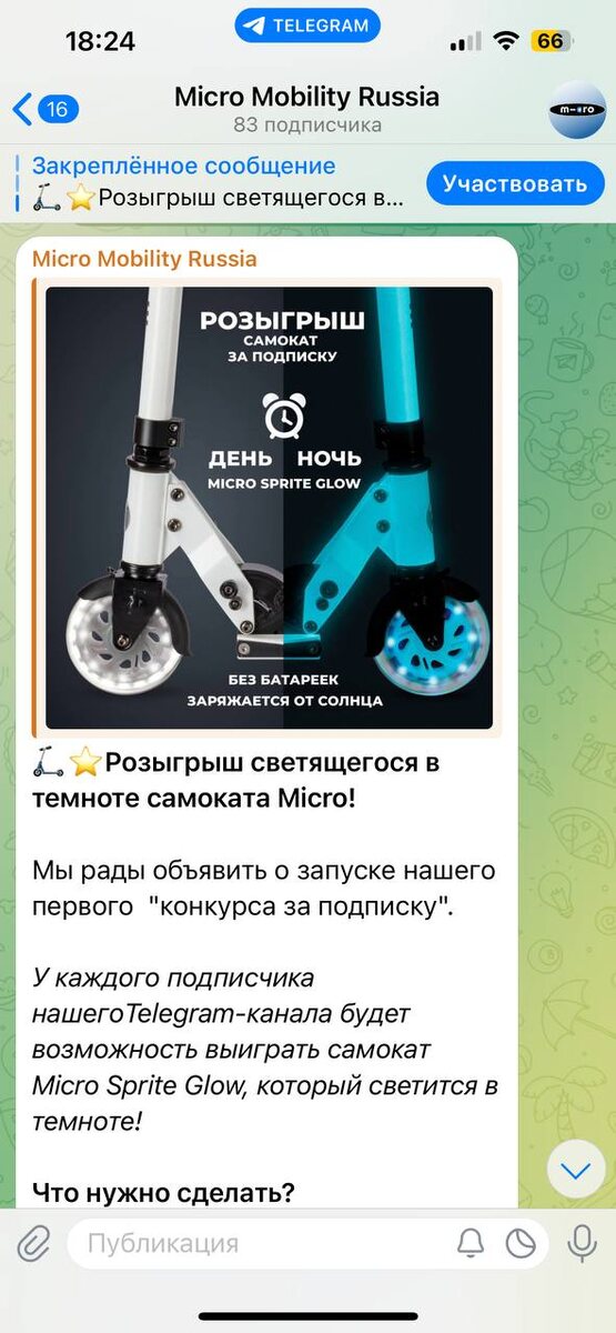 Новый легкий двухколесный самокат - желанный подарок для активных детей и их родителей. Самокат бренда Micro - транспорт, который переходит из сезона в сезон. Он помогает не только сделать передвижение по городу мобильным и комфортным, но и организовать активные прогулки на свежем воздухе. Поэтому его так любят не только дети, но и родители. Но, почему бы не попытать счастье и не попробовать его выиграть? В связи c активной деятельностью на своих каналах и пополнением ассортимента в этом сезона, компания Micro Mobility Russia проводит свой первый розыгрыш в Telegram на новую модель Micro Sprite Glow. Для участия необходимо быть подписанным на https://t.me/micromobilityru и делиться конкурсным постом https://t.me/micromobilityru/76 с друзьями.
---
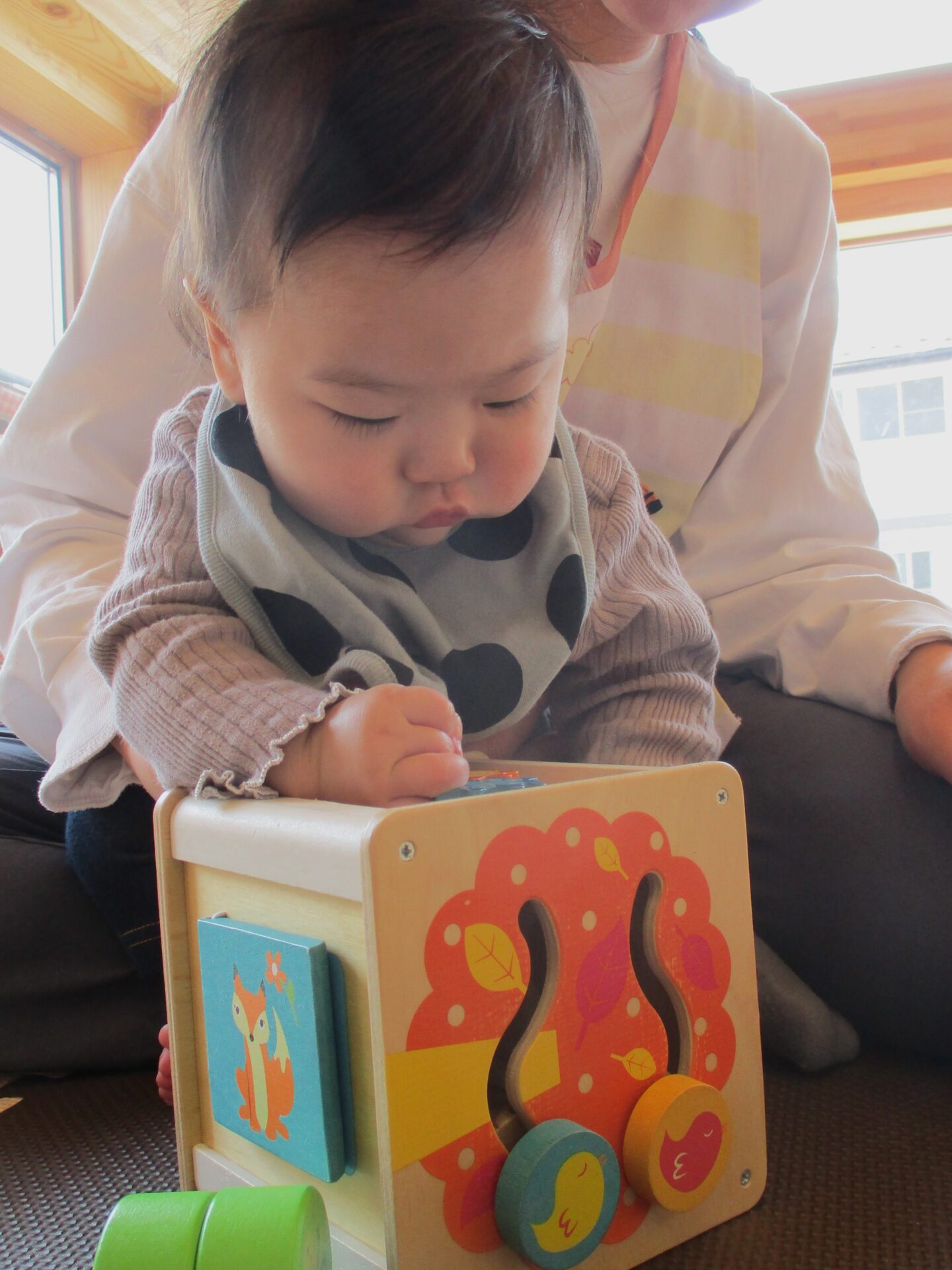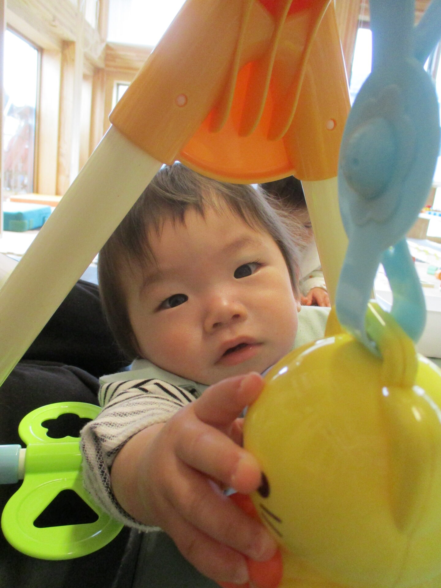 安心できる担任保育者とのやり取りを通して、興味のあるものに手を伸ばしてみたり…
...
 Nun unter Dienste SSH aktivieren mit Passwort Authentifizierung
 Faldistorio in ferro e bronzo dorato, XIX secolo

» **PROMPT**
Quote the data above from the line containing "Nun unter Dienste" to the line containing "Faldistorio in ferro", inclusive, and stop.

» **COMPLETED EXERCISE**
 Nun unter Dienste SSH aktivieren mit Passwort Authentifizierung
 Faldistorio in ferro e bronzo dorato, XIX secolo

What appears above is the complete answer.